‘Sustainable Vegetable Gardening,’ a highly-recommended winter read for those who want to raise environmentally-friendly food | Home-garden

“Sustainable Food Gardens”, the new book by Robert Kourik, is a must for anyone who wants to grow their own food in an environmentally friendly way, the former and suggesting the latter.

SustainableFoodGardens cover_6.pdf

“Sustainable Food Gardens: Myths and Solutions.”

At this point I would like to announce that I have been an admirer of the work of Robert Kourik for many years and that I wrote the foreword to this book. I am not benefiting financially from the sale, but I do intend to use it in my garden.

As the wife of a scientist and someone trained to find evidence-based solutions, I often get frustrated with the garden media, where opinions easily pass themselves off as facts and traditions often trump science. Robert’s writings are refreshingly different in this regard. He is a staunch researcher and an avid reader of horticultural magazines and reports. He’s not afraid to contradict popular opinion, although he is more interested in getting to the bottom of the matter (by the way, special knowledge of plant roots and how their habits affect plant growth and care is one of Robert’s achievements and the subject of one Chapter in this book).

Robert’s hands have been in the ground for a long time. He founded one of the first companies for organic landscape maintenance in this country in 1974 and is still experimenting with new techniques and testing new methods. For example, he was a personal friend of Bill Mollison, half of the Australian duo that started the permaculture movement, and Robert shares insights he learned from this pioneer of sustainable gardening. Robert does not hesitate, however, to deviate from permaculture dogma if, in his opinion, it conflicts with peer-reviewed horticultural studies or his own experience. In fact, Robert devotes 25 pages to a largely positive review of permaculture, but suggests how its teachings can be adapted to better reflect the realities of American suburban gardening.

Has the summer rain flooded your garden?  Instead of wringing your hands, roll up your sleeves and become a “climate conscious” gardener

Robert does not hesitate to mention his own mistakes. He devotes a full page of this book to unmasking a list of “dynamic accumulators” that he published in 1986. Dynamic accumulators are plants which, through the action of their roots, dissolve minerals from the soil and concentrate them in their tissue, ultimately making them available to their less enterprising neighbors in the garden. Since then, Robert has questioned the reliability of his sources for the original list, and while still maintaining the value of the concept, he includes lists in this book based on more reliable research, such as the careful work of the late James Duke , PhD, from the US Department of Agriculture.

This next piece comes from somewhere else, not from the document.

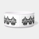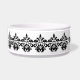 Un élégant motif damassé en noir et blanc sur un bol de nourriture pour chien. Ajoutez le nom de votre chien.
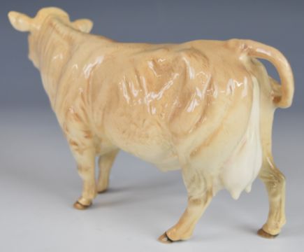 Beswick Charolais bull and cow figures, boxed, tallest 12cm

Sustainable Food Gardens is a remarkably comprehensive guide that will benefit both novice and experienced gardeners, taking them from the details of “feeding the soil” to “attracting beneficial insects” and “designing sustainable gardens”. Sustainable garden game ”, as there should be space in such a guide for ideas for designing children’s games, as well as a recipe for persimmon margaritas (and many others, including“ mocktails ”for those who prefer their drinks and games to be non-alcoholic).

I don’t always agree with Robert. For example, in this book he cites the publications of Professor Arthur Shapiro of the University of California, Davis, which highlight the beneficial role that introduced plants play in harboring butterflies and caterpillars in suburban California. This seems to me to contradict the findings of ecologists like Douglas Tallamy, PhD, of the University of Delaware, and Desirée Narango, PhD, of the University of Massachusetts-Amherst. However, I respect the fact that Robert is not expressing a personal opinion, but rather the peer-reviewed results of legitimate research. I would like to listen to a debate between the respective scientists.

As a paperback at $ 69.95, this may be an expensive purchase, but I think it’s a steal at 462 pages of information. Last but not least, Chapter 8, “Free Fertilizers”, quickly saves you the cover price and more, and makes your gardening work more sustainable and environmentally friendly. I can only recommend this book to every gardener for winter reading.

To hear a conversation with Robert Kourik, sign up for the Berkshire Botanical Garden’s Growing Greener podcast at thomaschristophergardens.com.

Thomas Christopher is a volunteer at the Berkshire Botanical Gardens and is the author or co-author of more than a dozen books. His column companion, Growing Greener, is streamed on WESUFM.org, Pacifica Radio and NPR and is available on his website thomaschristophergardens.com/podcast.